Letter: Raging Hormones

Frank Cagle seems to be tilting at windmills with his most recent opinion column on [genetically modified] Bt corns. ["Sterile Corn and Hormonal Cows," Frank Talk, Sept. 22, 2011] Monsanto is not the first to put Bt sweet corns on the market. Syngenta (Rogers brand) has had very tasty Bt corns on the market for at least 15 years with no ill effects and little outcry. The fact that growers can't save their own seed using these corns is immaterial.

Like many cultivars grown by commercial growers, these Bt corns are hybrids. Ever hear of Gregor Mendel? Hybrids have been around since his day and by their very nature are not saved because they will not reproduce true to type. The advantage of Bt (which stands for Bacillus thuringiensis, a common bacterial pesticide used by many organic growers) is that it allows growers to greatly reduce their use of pesticides in growing the crop. Under high insect pressure, sweet corn grown for the commercial marketplace could be sprayed 15-20 times or more. By the way, reportedly more than 70 percent of the organic produce consumed in the U.S. is imported.
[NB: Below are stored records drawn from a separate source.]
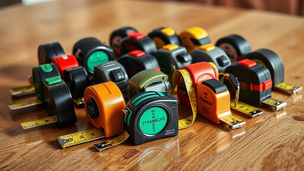 Choosing a tape measure with the right measurement accuracy is vital for painters who want precise results. Industry standards typically set tolerances such as ±1/16 inch for general use and as tight as ±1/32 inch for professional tasks. Accurate tape measures often feature clearly marked fractional and decimal scales, making it easier to get exact measurements in different contexts. High-quality blades coated with nylon resist wear, helping maintain precision over time by preventing elongation or deformation. Consistent, legible markings with minimal fading are essential for reliable readings. For detailed work like trim or cabinetry, selecting a tape measure with certified accuracy minimizes errors, reduces material waste, and ensures perfect fits. Prioritizing measurement standards guarantees your work is both precise and professional.
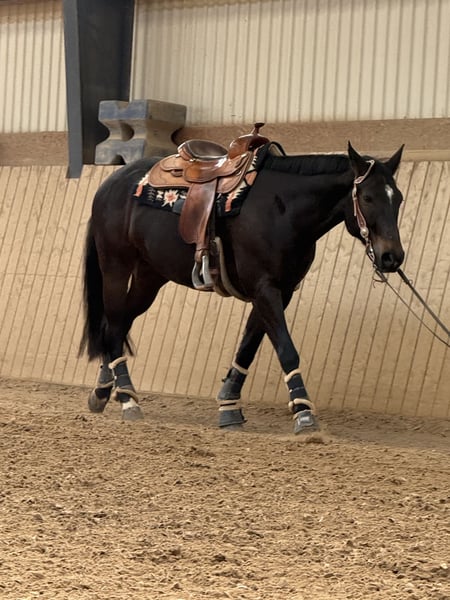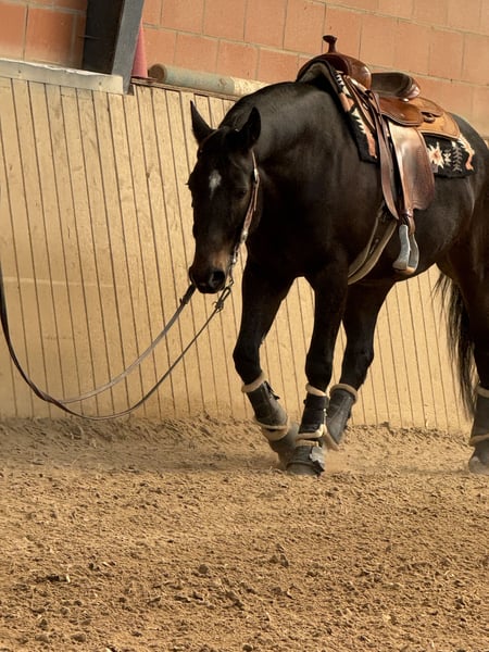 For sale is a brown Quarter Horse gelding, born March 2016, approximately 15.8–16.0 hh. Due to numerous inquiries – the price is absolutely negotiable! He is regularly vaccinated and dewormed and has been ridden mainly for leisure. He has a lot of potential for more advanced work. His especially notable feature is his very slow, super comfortable jog. In the terrain, he prefers to lead, is motivated and reliable. He can be a bit excitable in new situations or during first rides, but has never bolted. Most rides have been in pairs, but he is also experienced riding alone. Pedigree: Sire: Refried Dreams Dam: Baby Snapper Tamara He is familiar with herd life, paddock boxes, and stables with daily turnout. He is herd-safe, very social, and avoids conflicts. He has been shod four times and currently is barefoot, which works well. In handling, he is very well-behaved, cautious, sensitive, intelligent, and eager to learn, but also highly sensitive. In stressful situations, he needs time and calm to adjust to new things. Therefore, he is not suitable for beginners – riding experience and a good feel for sensitive horses are essential. He has never bucked or bolted under saddle. He is only sold into the best hands, preferably as a gelding for a man. Light dust sensitivity; during heavy dust exposure, he may cough occasionally – this has not occurred in recent months. Trial rides possible (€50), only with serious interest, time, and patience. Location: Near Paderborn Further information gladly via message. Only to be placed in experienced and loving hands. Videos of riding are not available at the moment. Complete tack available at additional cost!
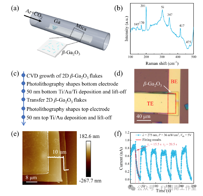 Figure 1. Fabrication, characterization, and electrical performance of β-Ga₂O₃ MIM capacitors.(a) Schematic illustration of the synthesis of β-Ga₂O₃ nanosheets grown on a mica substrate.(b) Raman spectrum of β-Ga₂O₃ nanosheets transferred onto a Si/SiO₂ substrate.(c) Schematic of the key fabrication steps for MIM capacitors using β-Ga₂O₃ as the dielectric layer.(d) Top-view optical microscopy image of a completed capacitor device.(e) AFM image showing the surface morphology.(f) I–t characteristics of β-Ga₂O₃ capacitors measured under dark and illuminated conditions.
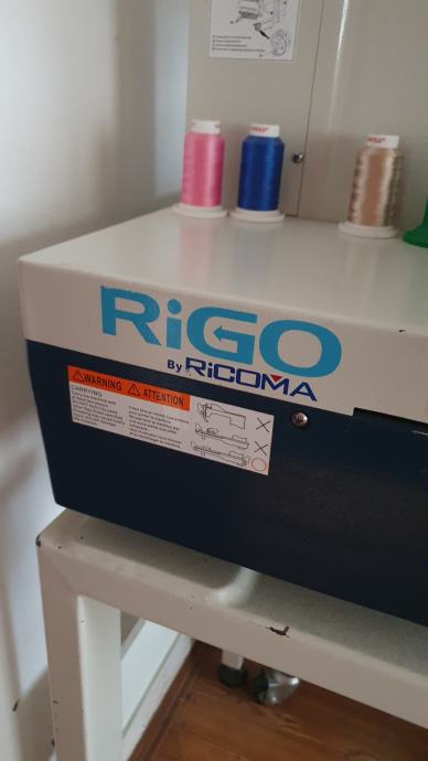Zaradi neuporabe prodam profesionalen industrijski vezilni stroj / stroj za vezenje Ricoma RJ-1201PT. Ena glava, 12 igel. Posebnost tega stroja je, da ima dodatno na zadnji barvi dodano še posebno napravo za šivanje bleščic (sequin). Nekaj primerov kako to izgleda je med slikami v oglasu.
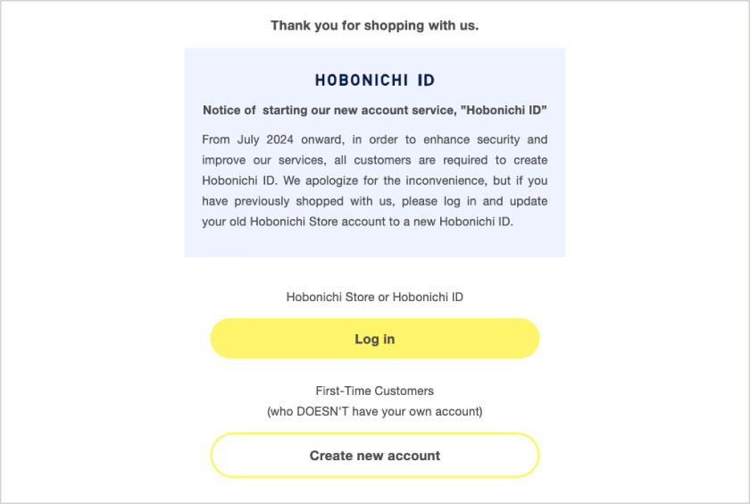 「ほぼ日ID」への移行手続きをお願いしたします。

Another benefit of the new (Roundup Ready) crops is that soybeans, cotton, and field corn can now be grown using minimum or no tillage, thus reducing erosion on erodible ground. The highly productive loess soils in West Tennessee would be blown halfway to Knoxville or make the Mississippi even muddier if growers had not adapted this technology in the last 30 years. If growers did not use some weed control (i.e. Roundup), their crop yields would be greatly reduced by weed pressure. Roundup can be sprayed over the top once the crop is up and growing, taking out competing weeds and maintaining topsoil-saving cover.

These technologies have been adopted by many growers here in the U.S. because they work. However, there are some legitimate concerns; that is why growers of field crops are required to plant a refuge and plow down the crop residue to reduce target insects building up an immunity to the Bt. New stacked sweet corns may allow a grower to completely eliminate use of pesticides to control corn ear worm, corn borer, fall army worm, and western bean borer. This is a good thing. Scaring consumers with half-baked information is not. In the future, I hope Frank Cagle and the opinion columnist in the Knoxville News Sentinel will get their facts straight.

On a positive note, I concur that Cruze Farm is a great asset to our community. Drinking their chocolate milk will take your back to the days when milk came in glass bottles. Their buttermilk, whole milk, and ice cream are the best. I am proud to also be a grower who sells wholesome produce directly to consumers at local farmers markets.